Unmasking Sialoglycan Specificity: How CatchAll Glycan Array Empowered a Breakthrough in Glycan Probe Design

A deeper look at Liang et al. (2025) and how CatchAll helped reshape the glycan profiling toolkit

In the field of glycoscience, the ability to specifically detect and study individual glycan motifs -such as sialoglycans – is crucial for advancing both basic research and translational applications. Sialic acids, including Neu5Ac, Neu5Gc, and Kdn, cap the ends of glycan chains on glycoproteins and glycolipids, influencing key biological processes like immune modulation, pathogen interaction, and cancer progression.

Yet, the tools used to study these sugars – lectins, antibodies, and commercially engineered glycan binders – have often fallen short in terms of specificity, reproducibility, and structural coverage. Plant lectins like SNA and MAL-II bind broadly and sometimes unpredictably; glycantargeting antibodies are difficult to raise and validate, especially given the low immunogenicity and high structural similarity of glycans.

The recent study by Liang et al., published in Nature Communications (2025), presents a creative and highly effective solution: engineering mutant bacterial glycosidases into stable, high-affinity glycan-binding probes. This platform, termed GRABs (Glycan Recombinant Affinity Binders), offers a transformative approach to glycan labeling and analysis – especially for sialoglycans.

Turning Enzymes into Glycan-Specific Binders

The GRABs developed in this study are based on sialidases from Streptococcus pneumoniae (SpNanA) and Ruminococcus gnavus (RgNanH). These enzymes naturally cleave terminal sialic acids from glycans. Liang et al. targeted key catalytic residues and engineered mutant forms (e.g., SpNanA^D372N, RgNanH^D282A) that retain high-affinity glycan recognition but are catalytically inactive – effectively transforming enzymes into pure binding proteins.

• GRAB-Sia: Derived from SpNanA, binds a broad range of sialoglycans regardless of linkage (α2,3, α2,6, α2,8).
• GRAB-Sia3: Derived from RgNanH, specifically binds α2,3-linked sialoglycans with minimal off-target recognition.

To boost binding avidity and enable multivalent interactions, both were further tetramerized via streptavidin to form tetra-GRABs.

CatchAll Glycan Array: Enabling Definitive Sialoglycan Profiling

While these engineered probes showed promising activity in flow cytometry and blotting, the authors faced a crucial question: Do these GRABs truly discriminate between glycan linkages, and how comprehensive is their binding profile?
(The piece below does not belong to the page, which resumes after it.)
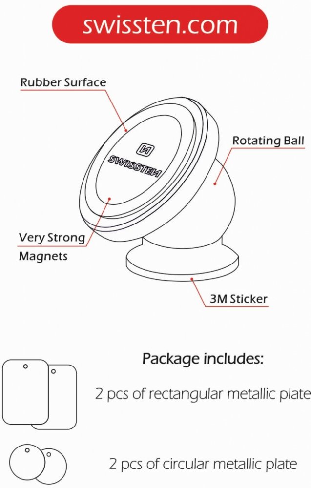 Swissten na palubní desku magnetické 180 g 99 mm 50 mm

To answer this, they used the CatchAll Glycan Array, our extensively curated platform containing 166 structurally diverse glycans.

 

 

Figure A shows binding of tetrameric GRAB-Sia to a broad spectrum of sialoglycans, including both α2,3- and α2,6-linked sialylated motifs, with minimal off-target binding to sulfated or non-sialylated glycans.

Figure B, by contrast, demonstrates exclusive binding of GRAB-Sia3 to α2,3-linked sialoglycans, highlighting its linkage-specific selectivity and ruling out recognition of α2,6 or α2,8 variants.
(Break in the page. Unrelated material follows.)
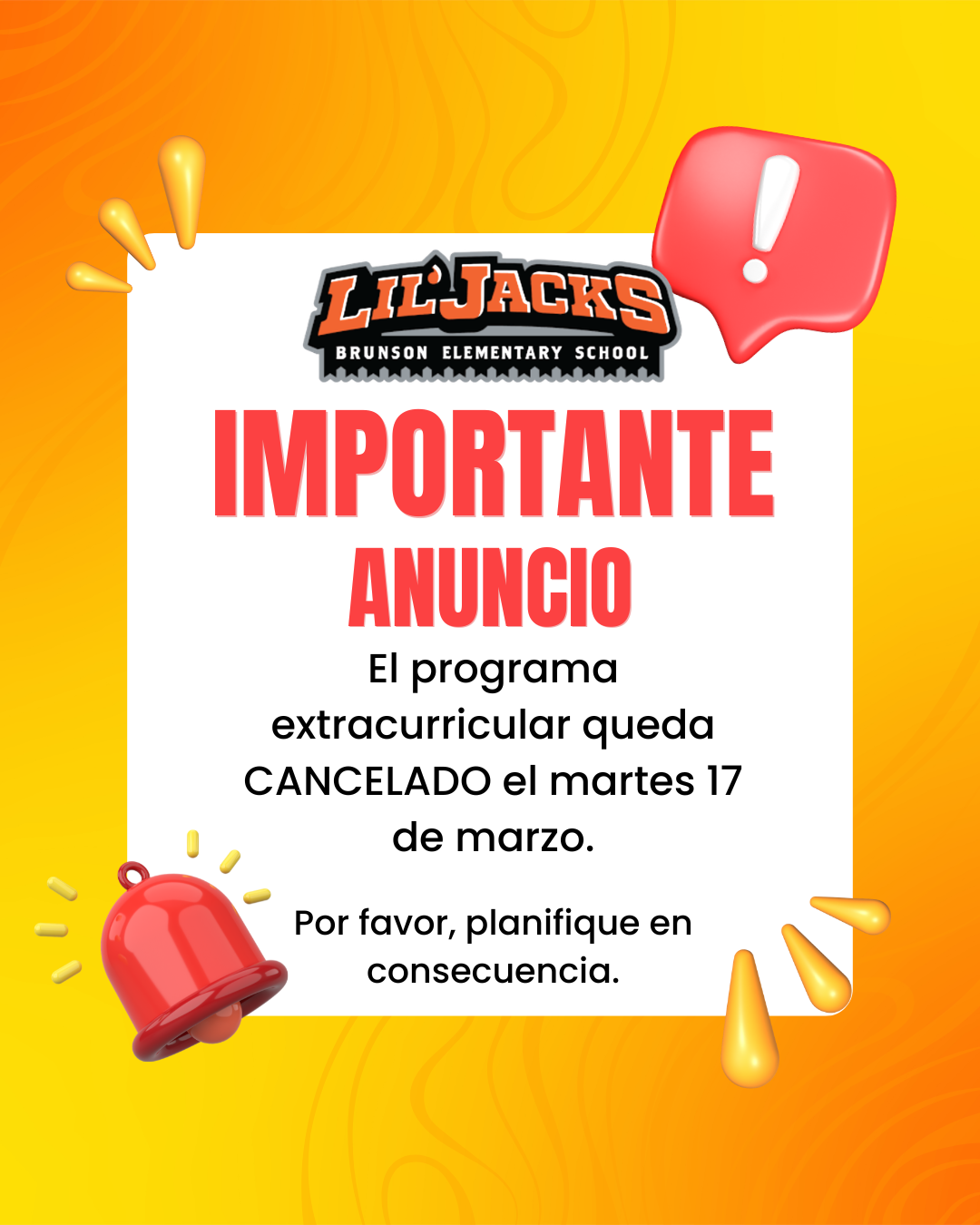 Brunson - After-School Cancelled 3/17

The figures are reproduced from Liang, S., et al. “Mutant glycosidases for labeling sialoglycans with high specificity and affinity.” Nature Communications, 16, 1427 (2025).

This level of profiling would not be possible without the high-resolution structural diversity offered by CatchAll. In fact, it was our array that enabled the researchers to: (1) Distinguish fine linkage specificity; (2) Identify binding gaps due to steric hindrance (e.g., branched sialoglycans); and (3) Validate biological selectivity of GRABs before in vivo deployment.
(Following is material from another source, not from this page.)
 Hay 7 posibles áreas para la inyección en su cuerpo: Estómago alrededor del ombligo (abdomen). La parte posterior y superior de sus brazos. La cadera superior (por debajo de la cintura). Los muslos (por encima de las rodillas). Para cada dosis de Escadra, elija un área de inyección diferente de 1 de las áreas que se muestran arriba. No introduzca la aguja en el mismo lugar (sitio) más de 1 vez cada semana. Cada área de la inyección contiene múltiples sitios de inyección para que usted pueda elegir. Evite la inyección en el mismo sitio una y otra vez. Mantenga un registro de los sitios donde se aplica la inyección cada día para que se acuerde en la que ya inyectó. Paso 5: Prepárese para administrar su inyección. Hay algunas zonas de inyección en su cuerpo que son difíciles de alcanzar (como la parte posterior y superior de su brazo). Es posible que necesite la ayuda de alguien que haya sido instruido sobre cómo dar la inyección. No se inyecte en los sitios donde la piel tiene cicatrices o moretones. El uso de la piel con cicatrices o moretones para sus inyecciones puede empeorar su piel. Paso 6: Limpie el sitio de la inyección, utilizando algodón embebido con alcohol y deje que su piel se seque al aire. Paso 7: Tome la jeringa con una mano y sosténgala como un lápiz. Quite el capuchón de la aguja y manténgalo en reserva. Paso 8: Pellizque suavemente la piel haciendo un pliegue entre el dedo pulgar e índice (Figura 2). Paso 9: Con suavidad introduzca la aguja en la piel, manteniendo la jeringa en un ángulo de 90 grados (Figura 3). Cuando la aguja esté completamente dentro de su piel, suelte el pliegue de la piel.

For researchers developing novel glycan binders or validating monoclonal antibodies, CatchAll eliminates ambiguity by offering a gold-standard, quantitative view of glycan recognition.

Empowering the Next Generation of Glycan Research

At the heart of every major discovery in glycobiology lies a simple truth: you can’t understand what you can’t measure. The CatchAll™ Glycan Array was designed to meet this need – giving scientists an expansive, unbiased, and reproducible platform to profile glycan interactions at scale. Whether you are engineering new glycan binders like GRABs; characterizing glycanantibody interactions; exploring immune checkpoint mechanisms via Siglec ligands; or mapping the glycome of a novel cell line or tissue type, CatchAll lets you see the full picture. With robust structure diversity, minimal background signal, and flexible formats, it empowers confident discovery from day one.